Currently, about 17% of the City of Fort Collins' renewable energy comes from the Medicine Bow wind farm, and the rest comes from wind-generated RECs from Wyoming, Oklahoma and Kansas, as well as landfill gas RECs from Idaho.  In 2013, we re-evaluated how we could make the most impact and greatest ripples effect with the dollars we invest in renewable energy, and we made the decision to move away from purchasing RECs and to instead implement our Internal Electricity Tax as a means to invest in future renewable energy and energy efficiency projects directly within our facilities.


Many of our efforts would not have been possible if New Belgium had attempted them alone. We are lucky to have so many talented organizations and institutions in our community whom we get the great opportunity to collaborate with on a regular basis. A prime example of this is FortZED and the Renewable & Distributed Systems Integration project. 
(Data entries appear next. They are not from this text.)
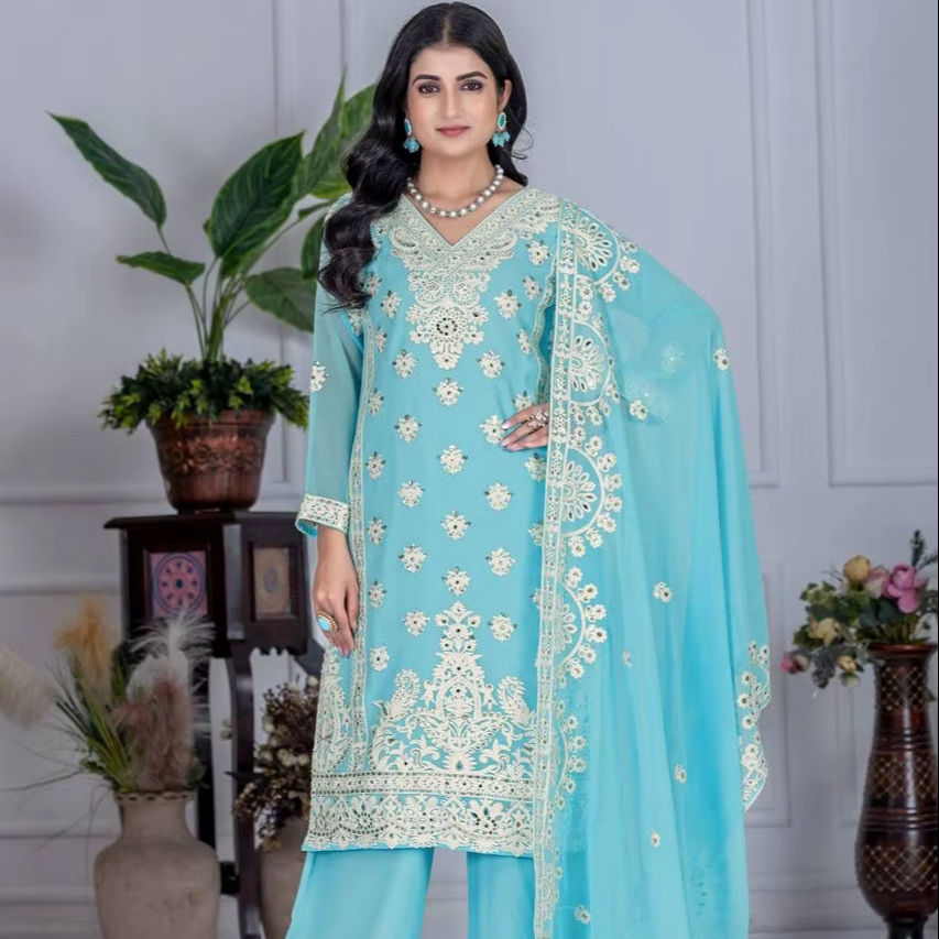 ชุดทำงานทรงหลวมสไตล์วินเทจ TOP PLAZZO สำหรับฤดูร้อน พร้อมงานปักเลื่อมผ้าจอร์เจต์เทียม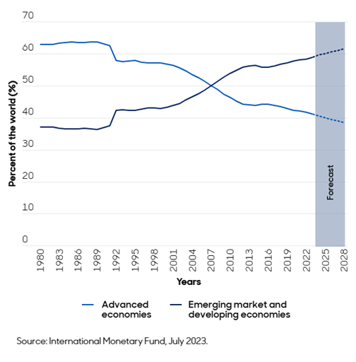 Nick Robinson y Alex Smith (abrdn) | En las tres últimas décadas, los mercados emergentes se han transformado radicalmente. Los mercados emergentes se han convertido en un motor de la economía mundial, aportando alrededor del 59% del PIB mundial total (en términos de poder adquisitivo) [1] (gráfico 1).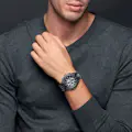 Reloj de acero con correa plateada. Esfera negra con pantalla analógica, cronógrafo y taquímetro. Movimiento de cuarzo. Reloj resistente a una presión de 10 ATM.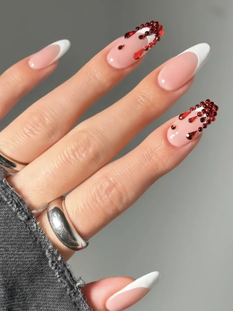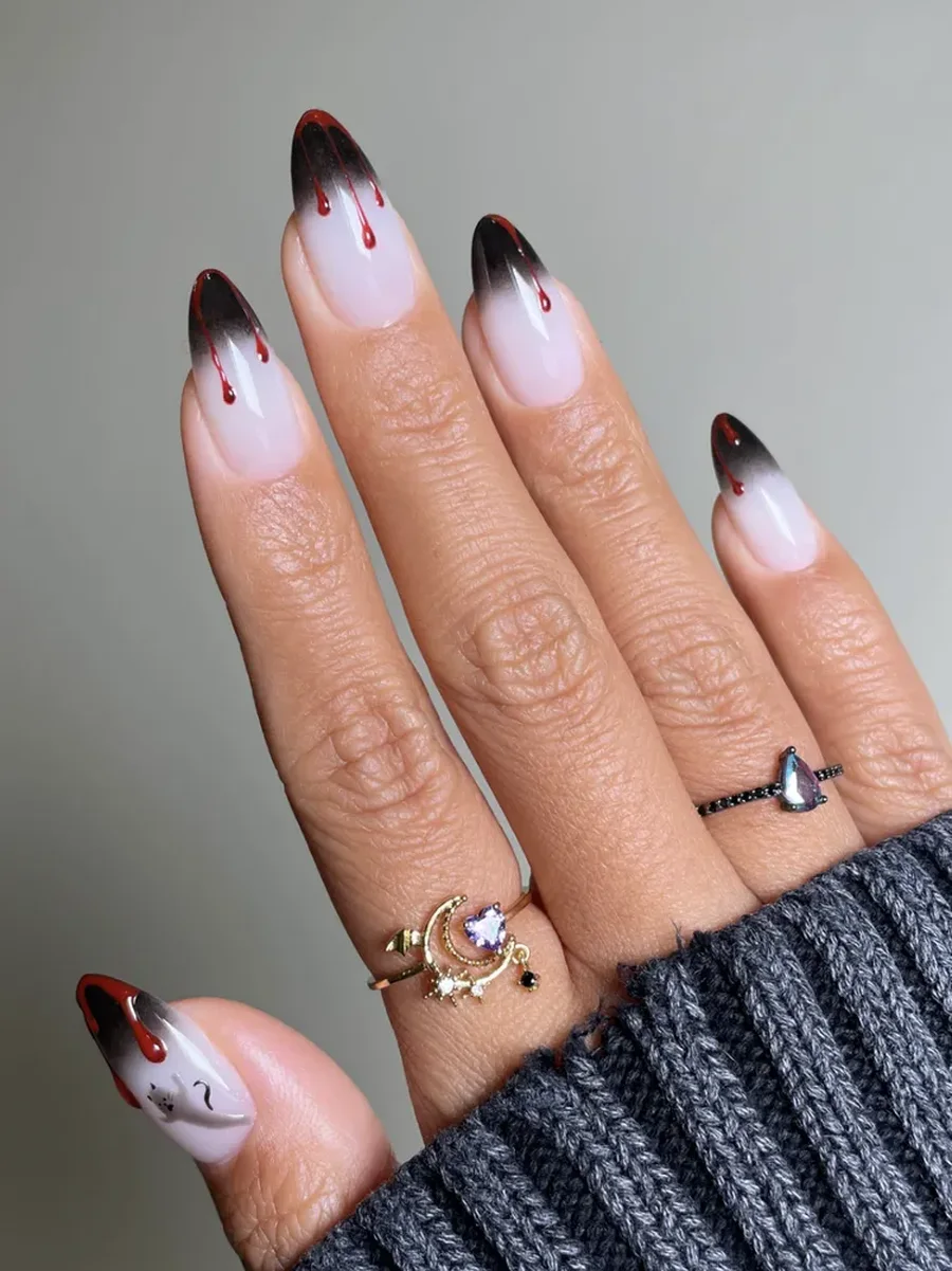 Октябрь - идеальное время добавить в образ немного мрачного гламура. Чёрно-белый омбре с каплями «крови» создаёт тонкий намёк на Хэллоуин. Используйте гель цвета густой вишни для реалистичного эффекта.

In 2007, New Belgium partnered with the City of Fort Collins, Colorado State University and other energy-focused companies to apply for a grant from the Department of Energy (DOE) to demonstrate a 20-30 percent peak electric load reduction. This collaborative project was the first phase in implementing FortZED, a long term vision for a zero energy district in downtown Fort Collins. (learn more at

Through the DOE grant, the City and its partners received $6.3 million in federal grant money to research, develop and demonstrate new electric grid technologies. $4.9 million in matching funds, including cash and in-kind services, were also donated by New Belgium and other partners to make this project a reality.

For New Belgium, this meant installing $3 million in new load-shedding and on-site generation capabilities, funded 50% in house, 25% by the DOE and 25% by in-kind donations. Our vision for this project is to be able to create or shed 1000kW of electricity - almost our annual peak load - through solar PV, co-generation, metering and controls.